Tem 192 páginas e 256 imagens (quase todo o livro são imagens sobre a qual está escrito algum texto, nomeadamente o das condições de mergulho, correntes, etc...
Sugeria ainda que falasses com a Ana Massa que conhece muitos locais de mergulho em São Miguel.




> Ui! paletes de pessoal!
> Ok, a recomendação do membro Pedro Ferreira aqui fica a minha info:
> 
> nada de cursos
> mergulho de apneia desde os 4 anos e caça submarina desde os 12.
> nada de cartas (ainda não arranjei tempo...) mas manobro o barco do meu pai há muitos anos.
> Conheço bem as zonas de interesse da costa sul quase todas da ilha de São Miguel e alguns spots da costa Norte. 
> Bom guia mas não contem comigo lá em baixo por mais de um minuto  
> 
> Se alguma vez organizarem uma vinda cá dêem uma apitadela que nem sempre os guias conhecem grande coisa disto.

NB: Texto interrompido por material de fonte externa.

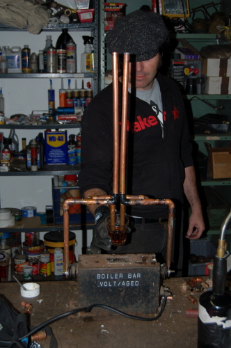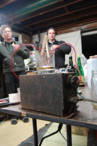 Several nights later we set up production at my shop in West Oakland and added a copper pipe system that featured a Jacobs ladder that could be short circuited in the drink to be “treated”. This gave the us the visual that was missing from the 1st night and more surface area in which the reaction could now take place. We now had a 15,000 volt cattle prod with plenty of places to grab that was going to be right in the middle of a bar!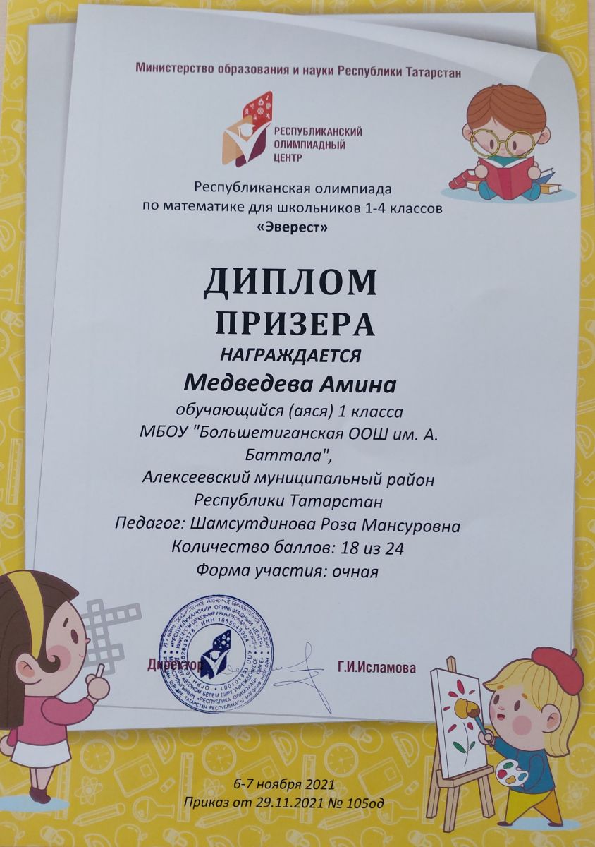 Ученица 1 класса Медведева А. (педагог Р.М.Шамсутдинова) принимала участие в Республиканской олимпиаде по математике для школьников 1-4 классов "Эверест" и стала призером.Поздравляем!

aqui podes ver alguns centros e escolas de mergulho dos Açores e respectivos contactos Escolas e Centros de Mergulho

Atenciosamente :SbOk3: 
Pedro Nuno

----------


## Carlos Prates

Olá Pedro,




> Viva Carlos
> Se tens grande curiosidade relativamente ao Mergulho nos Açores, então começa por comprar este livro que é magnifico, tem indicações sobre as correntes, etc... muito boas sobre cada local de mergulho, indica também centros/escolas de mergulho dos Açores e tem imagens magnificas que te elucidarão relativamente bem sobre o que estás a perder...
> 
> 
> 
> 
> 
> Pedro Nuno


Por acaso, já tenho esse livro :Coradoeolhos:   :Coradoeolhos: . Comprei-o lá nos Açores... E como é obvio abriu-me o apetite.
Quando tiver essa viagem planeada hei-de cravar uns conselhos ao pessoal mais experiente... :SbOk3:  

Um abraço
Carlos

----------